### Dataset
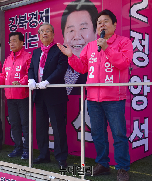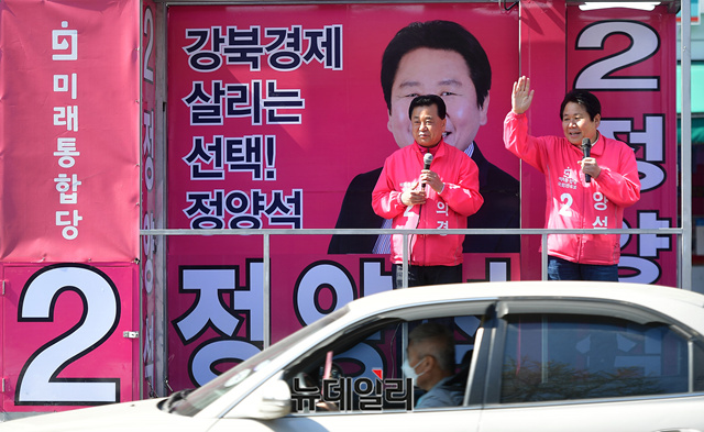 정양석 미래통합당 강북갑 국회의원 후보(오른쪽부터), 김종인 총괄선대위원장, 김의경 강북구의원 후보가 9일 오전 서울 강북구 수유리먹자골목 인근에서 유세차량에 올라 지지를 호소하고 있다.
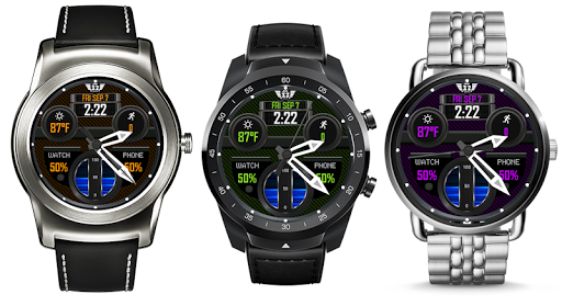 Futuristic analog and digital watchface for WatchMaker with color changer. Tap the logo to switch colors and cycle through over 20 colors. This watchface has key info at a glance including dual enhanced battery meters, weather, steps, day/date, and more. For Android Wear and Tizen watches with WatchMaker.
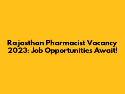 Rajasthan Pharmacist Vacancy 2023: Job Opportunities Await!
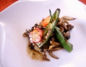 放入本占菇文火煎至出了香味后,放入秋葵和红箩卜,盖上锅盖煎熟。
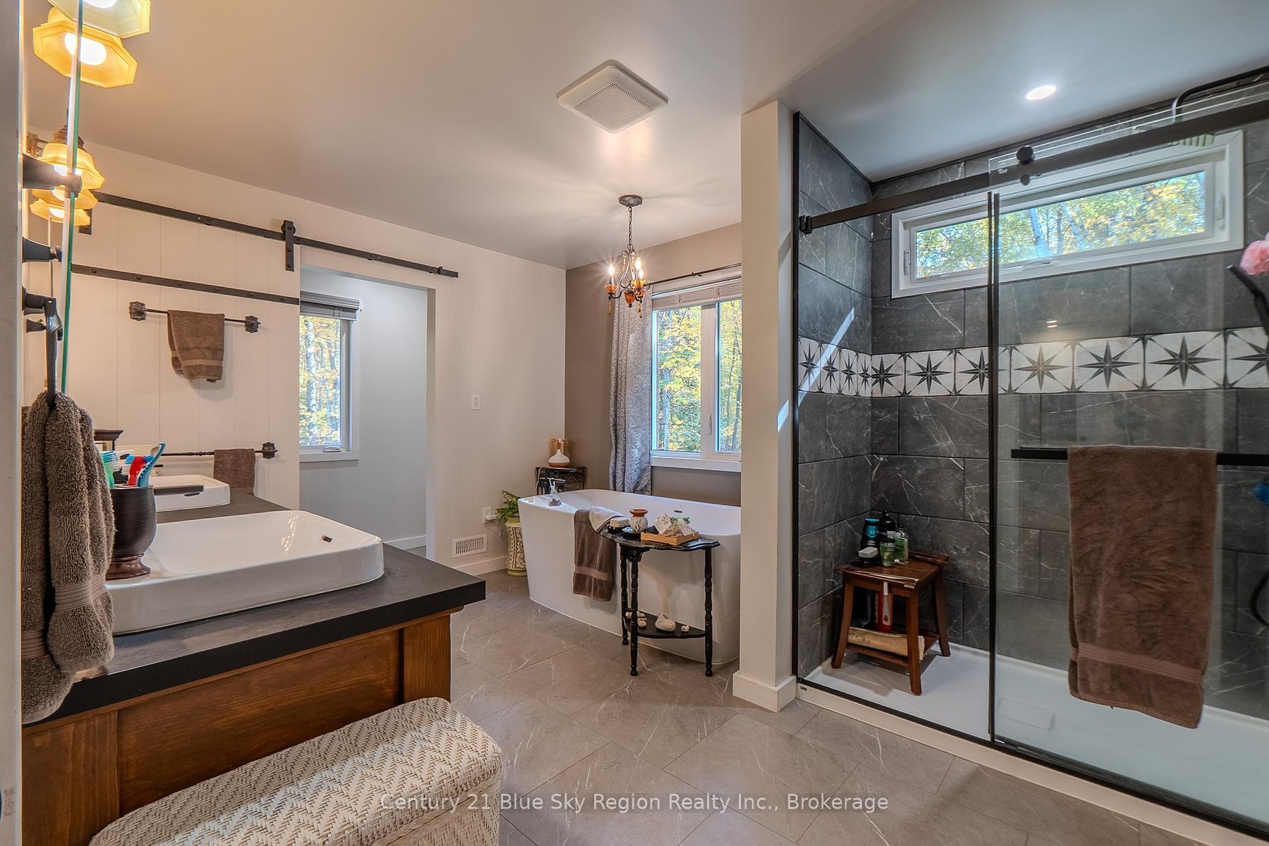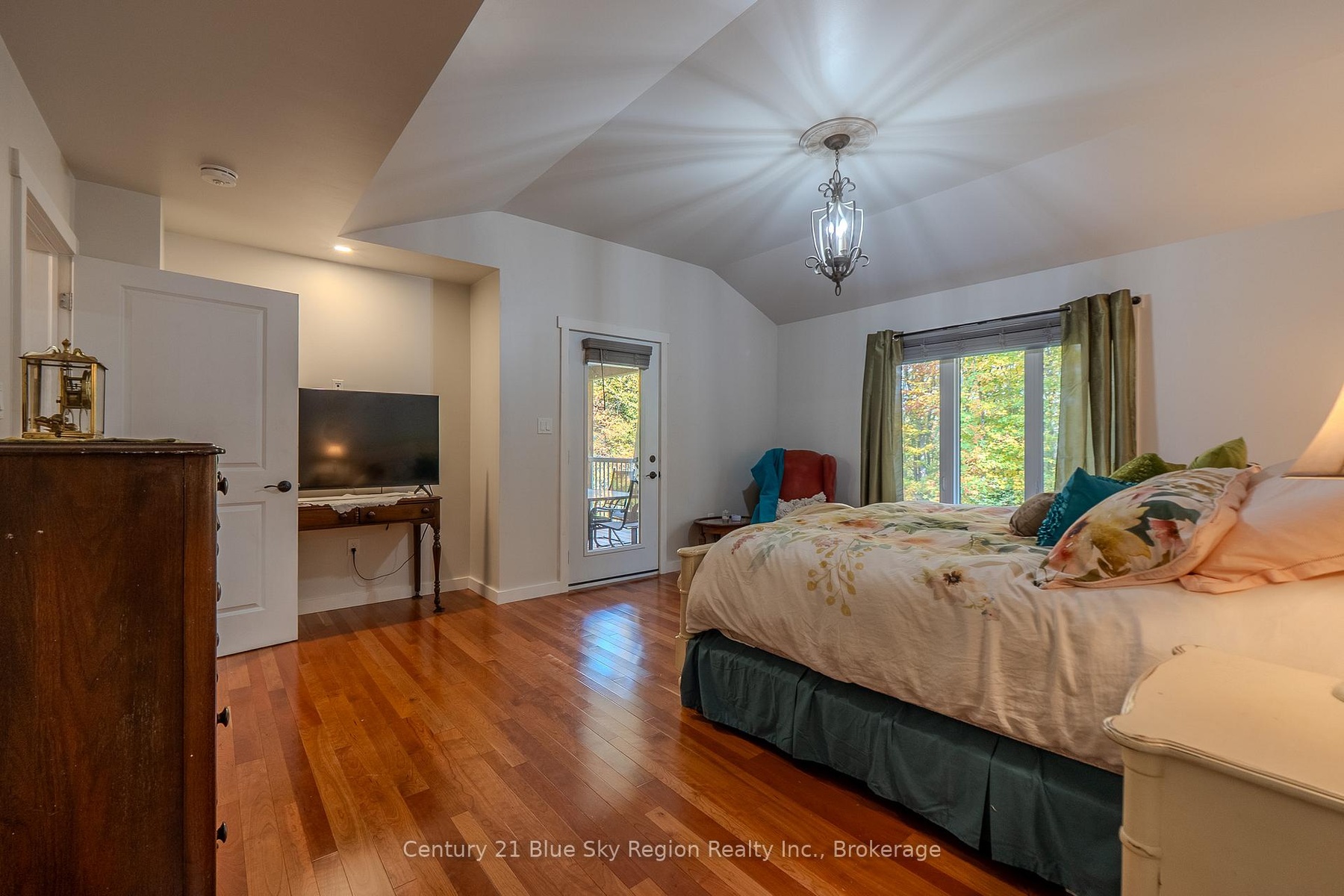 Privately set on nearly 10 acres and 400 feet from the road, this craftsman house was created with accessibility and light in mind. Wide hallways, spacious rooms, and 32"+ doorways. The front porch welcomes you into a spacious, tiled entry. Off the entry is a bright bathroom featuring a unique vanity, walk-in shower, toilet, and a barn-style cheater door leading to a large, well-lit bedroom. The great room features a propane fireplace with built-in storage cabinets and a coffee nook. A terrace door welcomes you to a 10X28 deck with a propane hookup for entertaining and BBQ'ing. The open concept kitchen features full-height uppers, a large island, and Silestone countertops, a tiled cooking area boasting a 36" THOR propane range with a pot filler and adjoining prep-pantry with a baker's pass-through to the kitchen. A side-by-side fridge and freezer finish the kitchen. The Master bedroom features a large walk-in shower, a stand-alone tub, double sinks, and a linen closet. The master suite is completed with an impressive walk-in closet. Descend to the walk-out lower level with storage and central vac located under the stairs. A 2-piece marble floor washroom is at the bottom of the stairs next to another storage/workshop area, and a versatile 14'X24' sewing/exercise room. Large windows and a terrace door lead to the rear stone patio. Flexibility is the word with roughed-in plumbing and doorways that allow for a conversion in a granny suite. The lower level includes a large rec room with wiring for recessed speakers. CAT-5 is fed into every TV space to take advantage of the Fibe internet servicing the house. The basement also features a wood fireplace, kitchenette, 2 bedrooms, a large 3-piece bath, and a terrace door to the patio. The home is heated by a high-efficiency furnace with LifeBreath HRV and cooled by A/C.A full service generator provides power during outages.
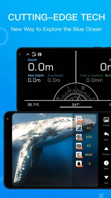 It's really practical. Combined with smartphone diving case, It shows your real-time depth, time and ascent speed. You don't need to be hurry-scurry to switch between them any more. Of course, another clean dive computer interface is provided when you are not taking photos.
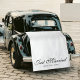 A custom "Just Married" and wedding text fabric car banner sign perfect for your wedding. This "Just Married" car banner sign used script calligraphy script perfect for any wedding. Use the words "Just Married" or customize them to suit your wedding. Order the size based on your vehicle.
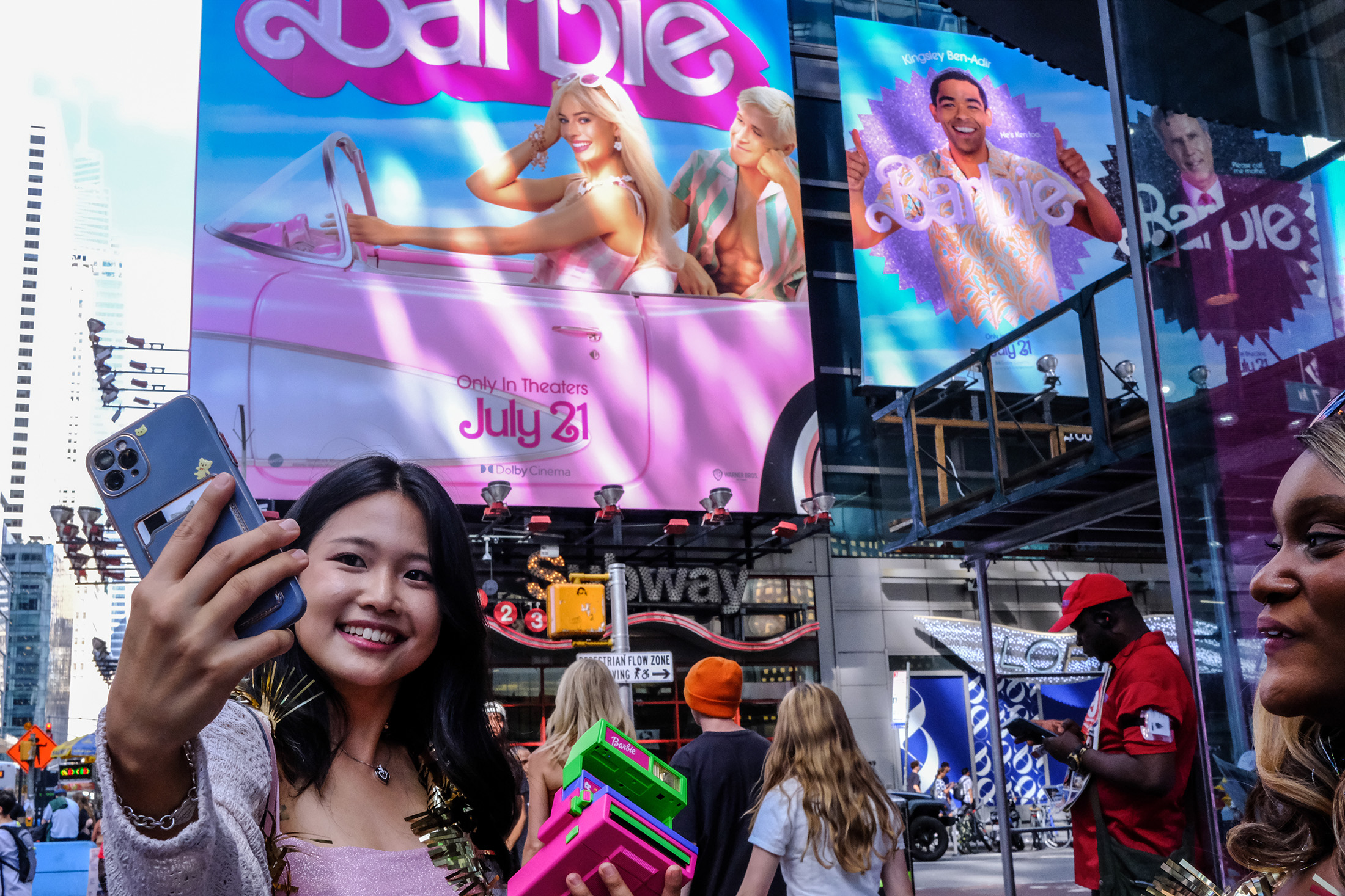 瑞恩·高斯林(左)和玛格特·罗比饰演肯和芭比。摄影师:华纳兄弟影业/华纳兄弟影业提供**大热门:**现在官方确认:目前世界上最大的电影明星是一个永远穿粉红色衣服的塑料芭比娃娃。芭比,由格蕾塔·葛韦格执导,玛格特·罗比主演,上周末在票房上获得了1.55亿美元的收入,成为了今年的最大开画。克里斯托弗·诺兰的奥本海默获得了8050万美元的票房,估计有20万名以上的电影观众在同一天购买了两部新片的票,这一现象现在被称为“芭本海默”。
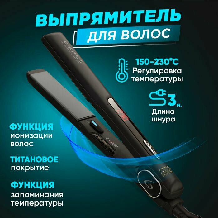 Выпрямитель для волос GA.MA G-STYLE TITANIUM ION титан плоскс цифр t 150-230°C,ион, 28х90 мм, ч
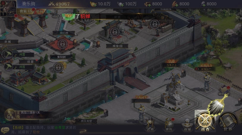 新玩家首次登录就能领取貂蝉、10万元宝、100万银两、贵族经验等奖励。
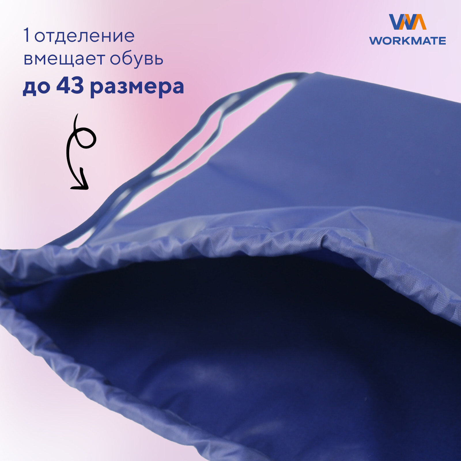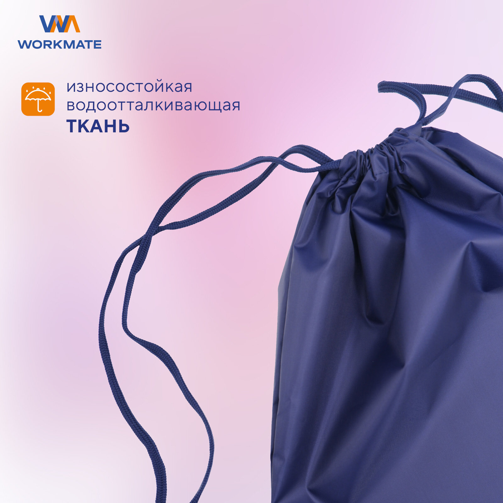 Отзывы на Мешок для сменной обуви WORKMATE 33*40 см, 1 отделение, двойной шнурок, синий
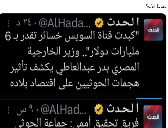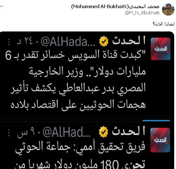 ونشرت قنوات تلفزيونية على راسها الحدث  تغريدات  بشأن خسائر مصر والتي تزعم فيها تجاوز الـ60 مليار دولار إضافة إلى حجم  العوائد التي  تجنيها اليمن من البحر الأحمر مع استمرار الهجمات ضد السفن المرتبطة بالاحتلال الإسرائيلي.
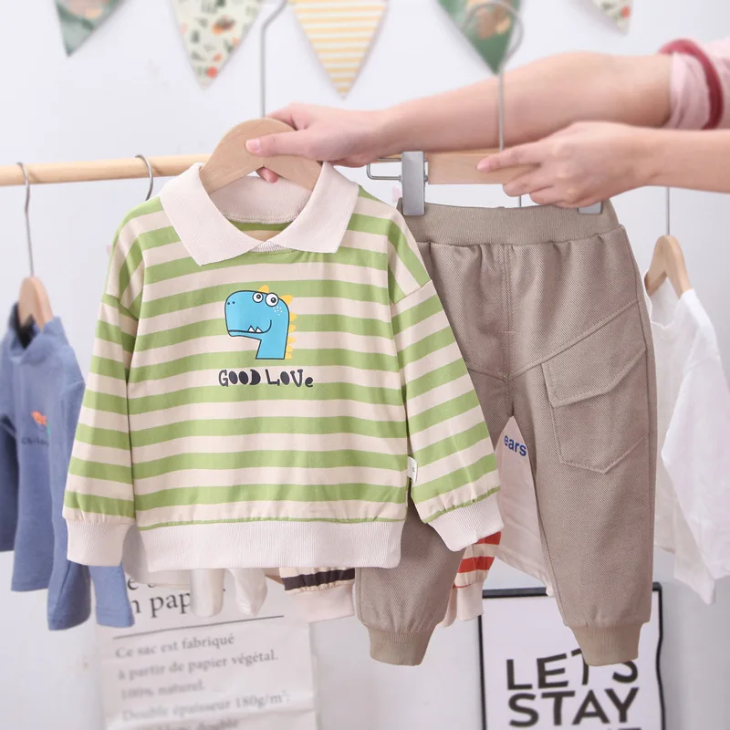 Nuevo conjunto de ropa de bebé de otoño, camiseta a rayas para niños, pantalones, 2 unids/set, ropa para niños, disfraz informal infantil, chándales para niños pequeños de 0 a 4 años
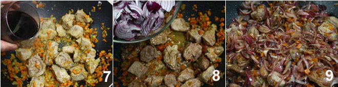 Despeje o vinho tinto 7 e adicione as fatias de cebolas 8. Continue o cozimento em fogo baixo 9, adicionando aos poucos o caldo de carne,
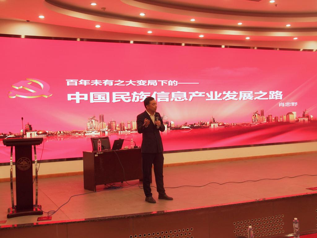 本站讯 为进一步铸牢中华民族共同体意识,强化价值引领,提升师生对新一代信息技术产业发展的认知,10月26日下午,KY开元集团官网于玲珑学堂举行第二期“名企名家进校园”活动,曙光研究院执行校长肖忠野应邀做“百年未有之大变局下的中国民族信息产业发展之路”专题讲座。活动由学院党委副书记王鹏飞主持,学院全体教职工、2023级本科生现场聆听了讲座。
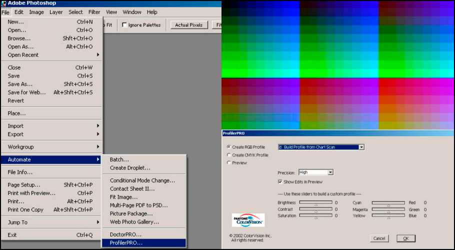 - открыть сканкопию в Adobe Photoshop, при этом в меню ProfilerPro напротив Create RGB Profile выбрать d. Build Profile from Chart Scan;
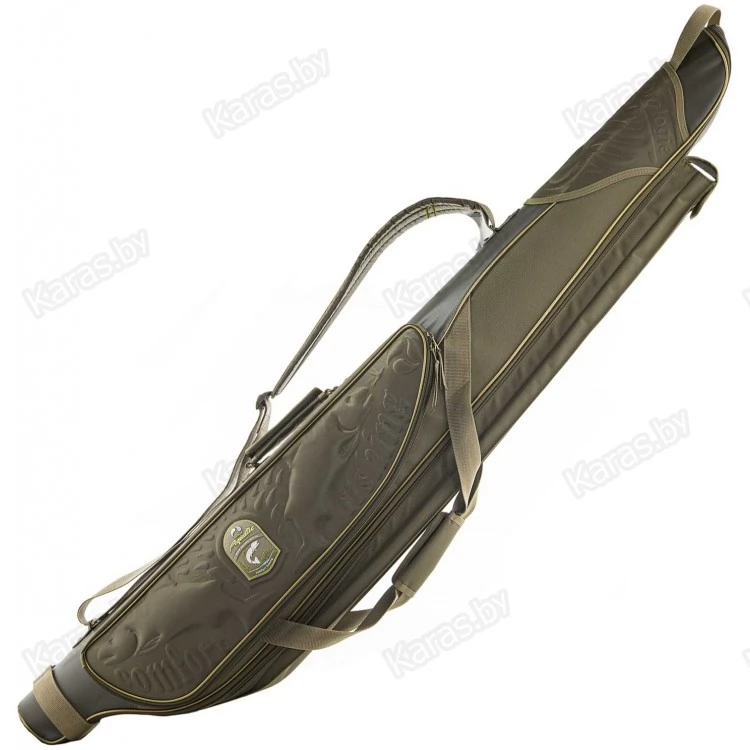Снаружи расположен длинный карман для подсака или стоек и объемный карман на молнии для аксессуаров. В чехол помещается до 5 удилищ с катушками. Внутренняя часть выполнена из мягкого ворсистого материала на который крепятся специальные подушки для катушек.
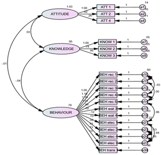 The conceptual (hypothesized) measurement model generated in AMOS is presented in Figure 6. The model shows the interrelationships among the latent/unobserved variables (AKB) and their indicators/observed variables (questionnaire data) for the purpose of assessing goodness of fit and/or validity. The unobserved/latent variable is linked to an observed variable, in order to make its measurement possible. Assessment of ‘ATTITUDE’ (ATT) constitutes the direct measurement of six observed variables obtained through the questionnaire survey; similarly, ‘BEHAVIOUR’ (BEH) is measured through 26 variables (based on recycling, water use, electricity use, lighting use, summer/winter use and transport) and ‘KNOWLEDGE’ (KNOW) is measured through three observed variables. Further analysis was performed through SEM in AMOS, and was categorised and coded as given below:
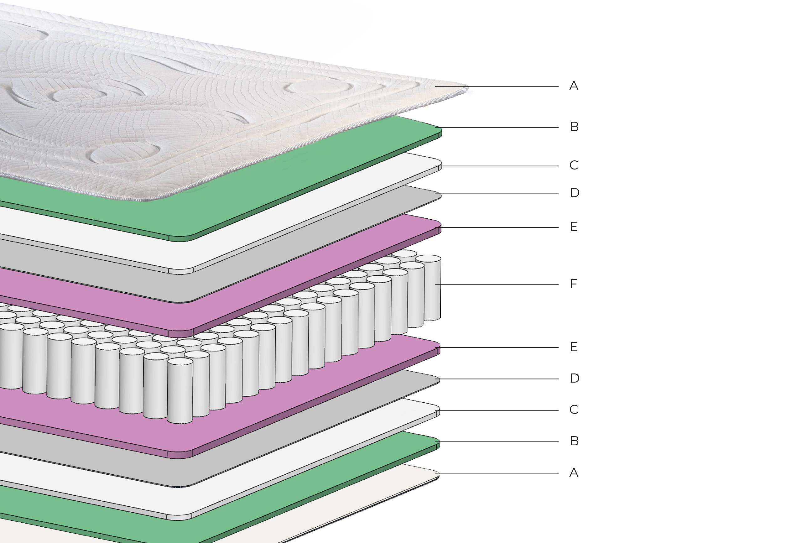 Una capa de tejido no tejido (TNT) aporta estructura, seguida de una espuma rosa suave (20 mm, 30 kg/m³) que aumenta la sensación de suavidad del colchón. En el núcleo, los muelles ensacados soldados por ultrasonidos proporcionan un soporte individualizado. Con 620 muelles/m² y 170 mm de altura, ofrecen un equilibrio ideal entre firmeza y estabilidad. Todo el perímetro está reforzado con un marco de espuma de 80 mm y una varilla de contorno de 5 mm para mayor durabilidad y soporte en los bordes.
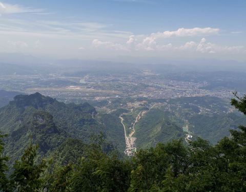 索道下来后盘山游玩的最高点,在这里可以俯视整个天门山景区,运气好的时候还可以看见飞人的飞行衣,...
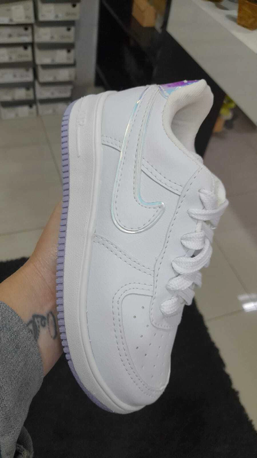 Tênis Air Force Infantil Branco Lilás Holográfico
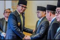 LANTIK: Wali Kota Medan Rico Tri Putra Bayu Waas saat melantik Direksi PUD Pasar, PUD Pembangunan, dan PUD Rumah Potong Hewan Kota Medan. (ist/sadamanews.com)…

### What you should do
In the listing above, find the line holding "瑞恩·高斯林(左)和玛格特·" and the line holding "- открыть сканкопию". Reproduce those two lines and all between them exactly, leaving out pictures.

### Solution
 瑞恩·高斯林(左)和玛格特·罗比饰演肯和芭比。摄影师:华纳兄弟影业/华纳兄弟影业提供**大热门:**现在官方确认:目前世界上最大的电影明星是一个永远穿粉红色衣服的塑料芭比娃娃。芭比,由格蕾塔·葛韦格执导,玛格特·罗比主演,上周末在票房上获得了1.55亿美元的收入,成为了今年的最大开画。克里斯托弗·诺兰的奥本海默获得了8050万美元的票房,估计有20万名以上的电影观众在同一天购买了两部新片的票,这一现象现在被称为“芭本海默”。
 Выпрямитель для волос GA.MA G-STYLE TITANIUM ION титан плоскс цифр t 150-230°C,ион, 28х90 мм, ч
 新玩家首次登录就能领取貂蝉、10万元宝、100万银两、贵族经验等奖励。
 Отзывы на Мешок для сменной обуви WORKMATE 33*40 см, 1 отделение, двойной шнурок, синий
 ونشرت قنوات تلفزيونية على راسها الحدث  تغريدات  بشأن خسائر مصر والتي تزعم فيها تجاوز الـ60 مليار دولار إضافة إلى حجم  العوائد التي  تجنيها اليمن من البحر الأحمر مع استمرار الهجمات ضد السفن المرتبطة بالاحتلال الإسرائيلي.
 Nuevo conjunto de ropa de bebé de otoño, camiseta a rayas para niños, pantalones, 2 unids/set, ropa para niños, disfraz informal infantil, chándales para niños pequeños de 0 a 4 años
 Despeje o vinho tinto 7 e adicione as fatias de cebolas 8. Continue o cozimento em fogo baixo 9, adicionando aos poucos o caldo de carne,
 本站讯 为进一步铸牢中华民族共同体意识,强化价值引领,提升师生对新一代信息技术产业发展的认知,10月26日下午,KY开元集团官网于玲珑学堂举行第二期“名企名家进校园”活动,曙光研究院执行校长肖忠野应邀做“百年未有之大变局下的中国民族信息产业发展之路”专题讲座。活动由学院党委副书记王鹏飞主持,学院全体教职工、2023级本科生现场聆听了讲座。
 - открыть сканкопию в Adobe Photoshop, при этом в меню ProfilerPro напротив Create RGB Profile выбрать d. Build Profile from Chart Scan;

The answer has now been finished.